[ABOUT THIS EXERCISE]: In this exercise, the entries below include pictures. Repeat exactly the lines from the line with "Am Sonntag kann" to the line with "Note: Only managers", including both, but without the pictures.

[INFORMATION SHOWN]:

####################

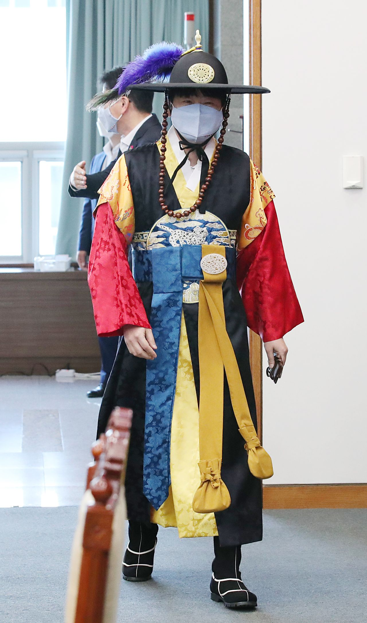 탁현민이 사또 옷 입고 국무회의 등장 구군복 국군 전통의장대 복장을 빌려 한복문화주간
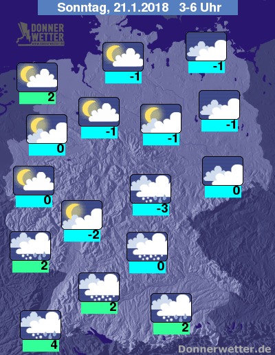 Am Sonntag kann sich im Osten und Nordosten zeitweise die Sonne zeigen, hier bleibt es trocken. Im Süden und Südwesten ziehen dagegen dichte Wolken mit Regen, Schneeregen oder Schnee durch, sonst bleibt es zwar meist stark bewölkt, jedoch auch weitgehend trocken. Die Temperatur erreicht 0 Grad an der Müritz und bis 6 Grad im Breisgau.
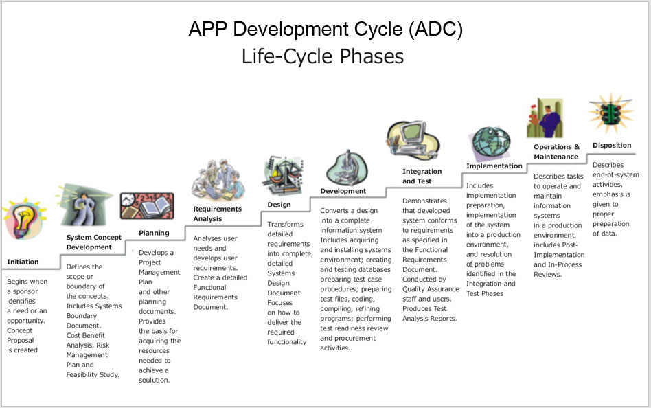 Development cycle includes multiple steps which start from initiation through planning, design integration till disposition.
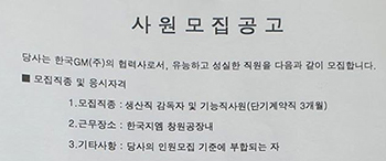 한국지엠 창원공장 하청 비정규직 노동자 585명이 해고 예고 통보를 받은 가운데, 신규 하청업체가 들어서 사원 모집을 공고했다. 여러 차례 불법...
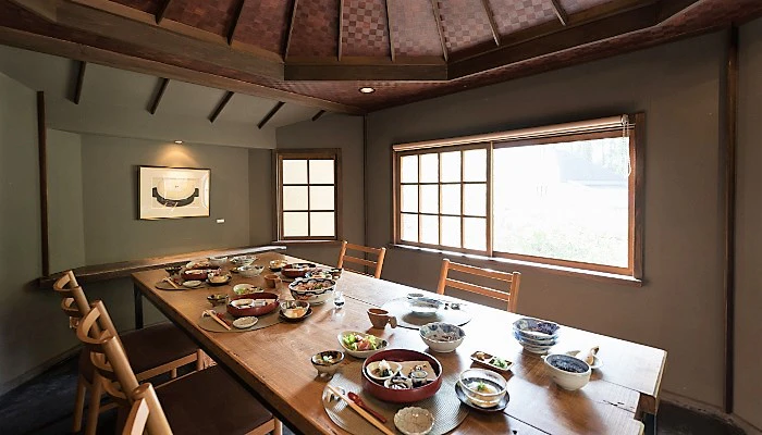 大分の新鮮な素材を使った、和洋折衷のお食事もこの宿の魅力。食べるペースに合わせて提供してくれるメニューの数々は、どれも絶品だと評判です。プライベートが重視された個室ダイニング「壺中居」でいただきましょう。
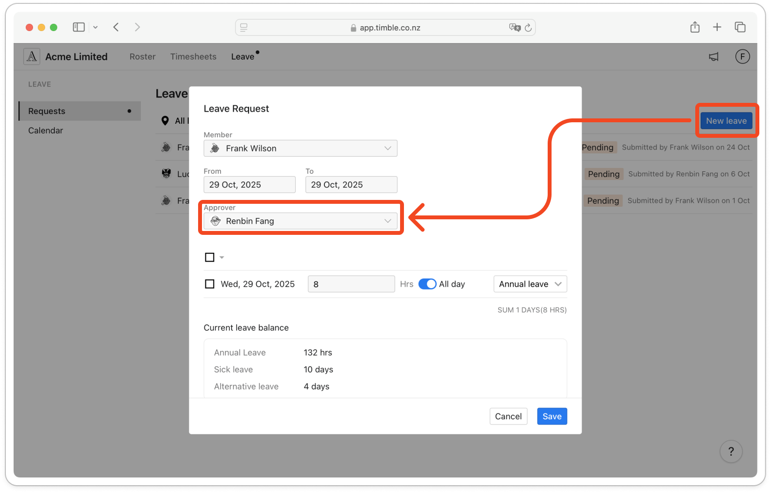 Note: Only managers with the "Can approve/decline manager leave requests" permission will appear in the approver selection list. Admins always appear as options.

####################

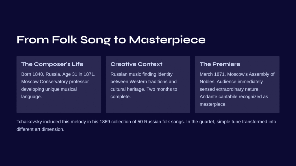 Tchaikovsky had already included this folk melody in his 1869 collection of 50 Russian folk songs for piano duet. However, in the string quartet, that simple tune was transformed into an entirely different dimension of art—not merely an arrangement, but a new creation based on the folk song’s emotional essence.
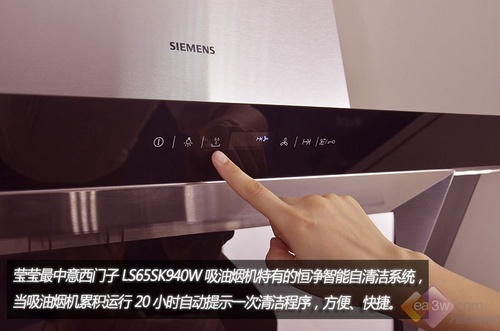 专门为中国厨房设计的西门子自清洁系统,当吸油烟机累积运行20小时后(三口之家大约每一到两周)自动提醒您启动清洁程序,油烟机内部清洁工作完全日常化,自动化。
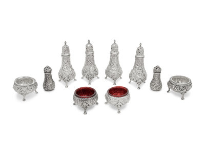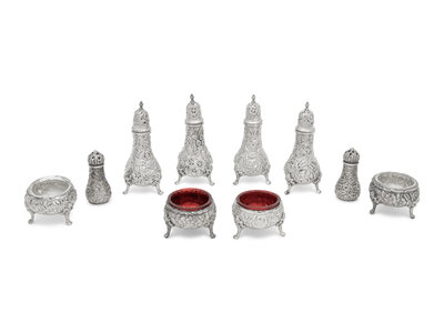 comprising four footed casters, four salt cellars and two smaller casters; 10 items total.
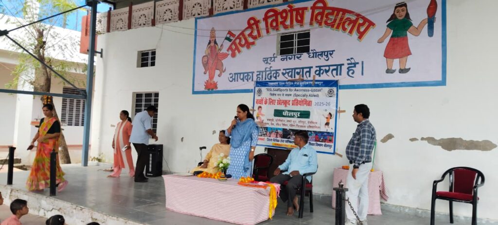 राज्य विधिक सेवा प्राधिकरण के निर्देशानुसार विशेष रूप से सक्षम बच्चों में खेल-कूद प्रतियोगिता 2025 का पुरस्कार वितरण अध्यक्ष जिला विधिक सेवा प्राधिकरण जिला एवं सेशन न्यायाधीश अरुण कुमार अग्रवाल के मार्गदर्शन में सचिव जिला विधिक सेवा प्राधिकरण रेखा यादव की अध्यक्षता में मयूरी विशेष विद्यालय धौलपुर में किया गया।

####################

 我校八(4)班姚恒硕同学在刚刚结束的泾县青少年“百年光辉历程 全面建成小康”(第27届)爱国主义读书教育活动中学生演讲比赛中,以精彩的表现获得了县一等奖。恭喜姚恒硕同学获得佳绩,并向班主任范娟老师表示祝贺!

####################

[EXERCISE RESPONSE]:
 Am Sonntag kann sich im Osten und Nordosten zeitweise die Sonne zeigen, hier bleibt es trocken. Im Süden und Südwesten ziehen dagegen dichte Wolken mit Regen, Schneeregen oder Schnee durch, sonst bleibt es zwar meist stark bewölkt, jedoch auch weitgehend trocken. Die Temperatur erreicht 0 Grad an der Müritz und bis 6 Grad im Breisgau.
 Development cycle includes multiple steps which start from initiation through planning, design integration till disposition.
 한국지엠 창원공장 하청 비정규직 노동자 585명이 해고 예고 통보를 받은 가운데, 신규 하청업체가 들어서 사원 모집을 공고했다. 여러 차례 불법...
 大分の新鮮な素材を使った、和洋折衷のお食事もこの宿の魅力。食べるペースに合わせて提供してくれるメニューの数々は、どれも絶品だと評判です。プライベートが重視された個室ダイニング「壺中居」でいただきましょう。
 Note: Only managers with the "Can approve/decline manager leave requests" permission will appear in the approver selection list. Admins always appear as options.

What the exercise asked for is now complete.